“行。你说了算。”
以宁咬了咬牙:“……别伤害你的妻子,她爱你,我知道,……我不想任何人在我和你这段关系中受到伤害……那种别人口中说的小三,……和正妻的关系……我不想发生在我和她的身上……所以,可能我和她没有办法相处,我们喜欢上同一个男人,而且……你是她名正言顺的……可我不想,让她受到伤害……我感觉到痛苦不安纠结,她一定也能感觉到……我和她虽然是两个人,可是女人都很傻,尤其是爱情上……她一定和我一样也想要独占你,独占属于自己的男人……”
说话间,她不由地打起哆嗦。
自己能够接受和平共处吗?以宁真的很怀疑,当自己看到他脖子上的吻痕的时候,都已经心如刀割,更何况,这段时间以来,每天晚上他都有和她在一起。
他的妻子独守空房的时候是什么感觉?
像她那天等了他一夜,那种敲心噬骨的痛吗?
若是这么说的话,莫语燕比她更痛,更伤。
“我想……我们的关系……能不能不要让她知道?或者……你比我聪明,你能不能想出一个两全其美的办法……我,我真的想不出来……我不想自己受伤,也不想别人受伤,可这段关系,一定会有人受伤……詹中尧,我知道我现在这样说,你说不定又会生气,可是,我得说,我不能因为自己快乐了,就不在乎她的感受……”
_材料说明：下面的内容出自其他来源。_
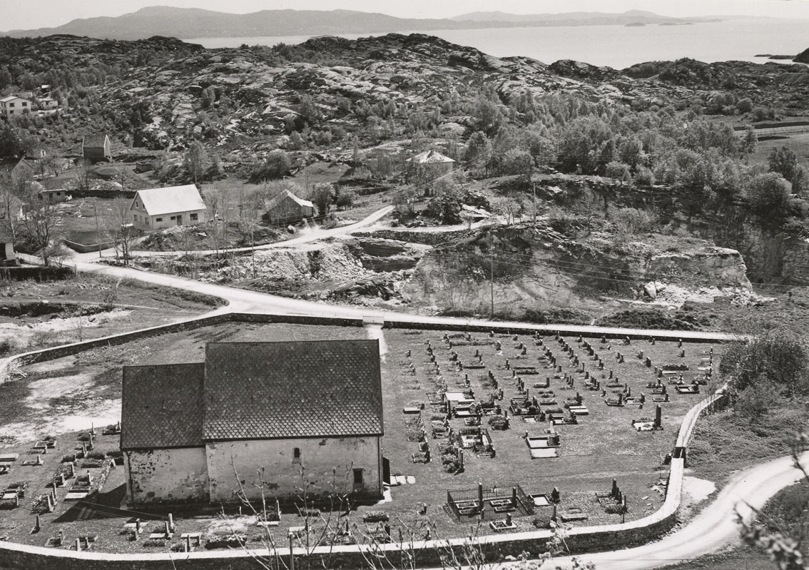 Moster gamle kirke sett fra nord og mot det store steinbruddet sør for kirken. Foto: Hans-Emil Liden 1963, Riksantikvarens arkiv

“我怎么会生气。”将鸡蛋拿走,捧起她的小脸,无比认真的凝视,“错的是我。以宁,你先回答我,你信我对你是认真的吗?”
“信。”用力的狠狠点点头。
她不是金钱或者礼物能够收买的人,能够打动她的心的是那些最平常不过的小事。而之所以承认了这份感情,正是因为他昨天的去而复反。
在她最无助、最彷徨,最无奈的时候,他在她身边。
是这一点打动了她。
“两全其美,我做不到。以宁我可以答应你,一切很快就会结束。你不用再纠结,再不安,我是你的,谁也拿不走,谁也抢不走。能够独占我的女人,我只需要一个。那就是你。”
****************
再度回到了以学业为重的日子里,以宁冷漠疏远的对待每一个人,包括笑颜。而唯一不用遭受她冷遇的只有付昊。
付昊和车队凑的十万,詹中尧已经帮她还上了。
对于付昊,以宁是真心实意的心存感激。
这天,以宁接到付昊的短信:“以小妹,有空没?晚上一起吃个饭如何?”
“嘛呀?”
“格老子的,你丫得不看体育新闻吗?老子参加珠海赛车比赛第一名噢。嗷嗷嗷,庆祝!”
“原来想让我送你礼物啊?得,就让你请客好了。”
于是,为了庆祝付昊那到珠海方程式赛车第一名,以宁给詹中尧去了电话,老老实实的报备:“付昊拿了比赛第一名,晚上请我吃饭,我可以去么?”
对于以宁的朋友网,詹中尧并不想干涉,只不过……:“就你们两个?”
“好像还有车队的。你是车队的老板,你都不知道吗?”
“最近忙着陪你,好多事都没过问了。”他失笑。
以宁在电话那端小脸涨红,詹中尧说的是实话,自从她……额,算是告白了以后吧,他们两个人的感情突飞猛进,詹中尧准时的会在七点到家,然后做好饭等她放学回来。
以宁一回来,就有热腾腾的饭可以吃,要说不感动那是假的。
这个男人一看就不是家务型,偏偏,做家事他比她拿手多了。她切菜丝总是有些慢,而詹中尧从来都是“跺跺”的速度堪比一流大厨师。
吃了饭以后,他就陪她做功课,她之前落下的很多的课在詹中尧的帮助下,很快成绩就提了回去。
跟着就是窝在一起看电视,没事就掰着手指玩,总之,日子过得就好像老夫老妻似的。
偶尔,他会回莫语燕那边去,以宁是希望他能多陪陪莫语燕,他却是笑而不语,半夜里,又会回来,抱着她纯睡觉。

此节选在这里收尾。